Raw data -
:::::

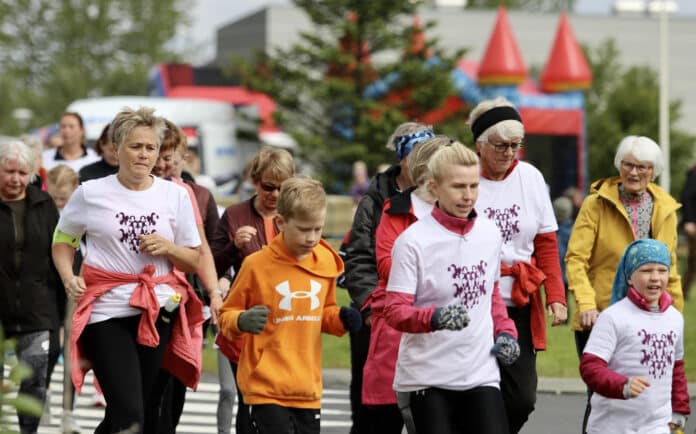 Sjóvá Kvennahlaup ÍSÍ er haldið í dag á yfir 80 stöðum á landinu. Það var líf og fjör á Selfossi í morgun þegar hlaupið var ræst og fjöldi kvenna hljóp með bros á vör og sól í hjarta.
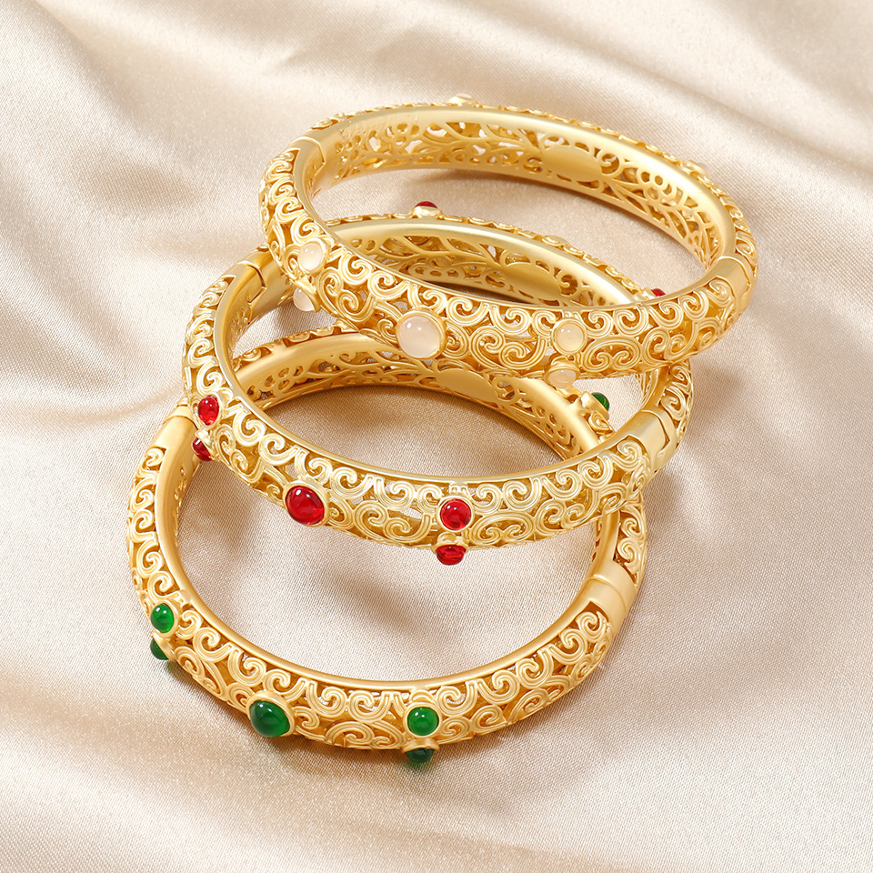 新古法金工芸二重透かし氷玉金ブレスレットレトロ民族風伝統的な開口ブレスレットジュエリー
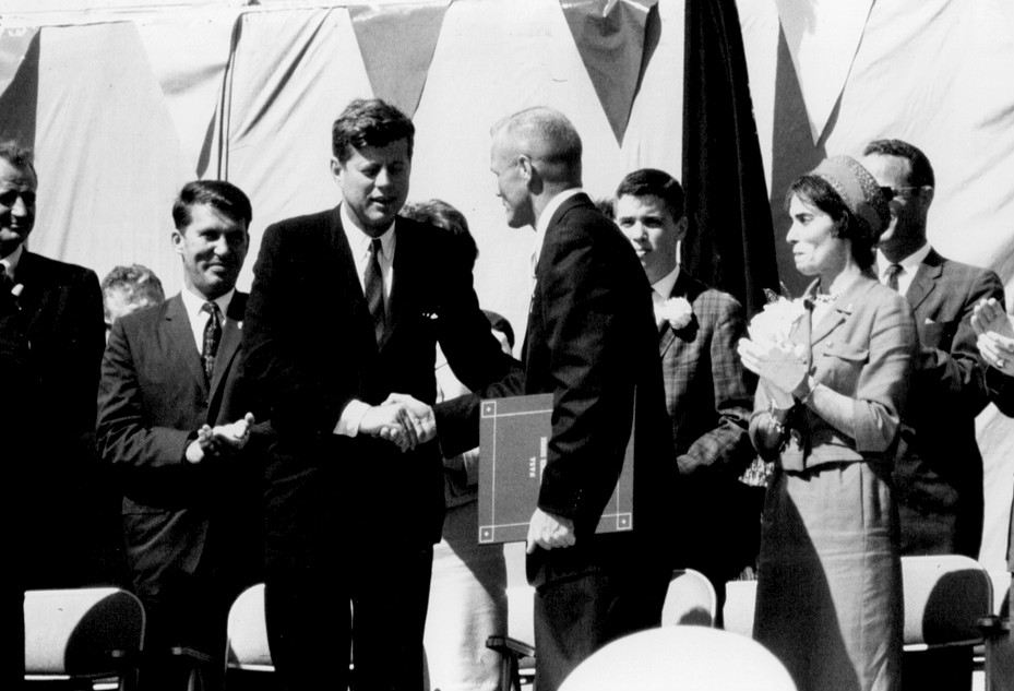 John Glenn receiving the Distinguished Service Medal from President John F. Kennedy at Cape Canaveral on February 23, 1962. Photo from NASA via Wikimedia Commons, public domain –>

:::::

Task - From the first line to the last, retype the data exactly, without images.

Response to this task -
 Sjóvá Kvennahlaup ÍSÍ er haldið í dag á yfir 80 stöðum á landinu. Það var líf og fjör á Selfossi í morgun þegar hlaupið var ræst og fjöldi kvenna hljóp með bros á vör og sól í hjarta.
 新古法金工芸二重透かし氷玉金ブレスレットレトロ民族風伝統的な開口ブレスレットジュエリー
 John Glenn receiving the Distinguished Service Medal from President John F. Kennedy at Cape Canaveral on February 23, 1962. Photo from NASA via Wikimedia Commons, public domain –>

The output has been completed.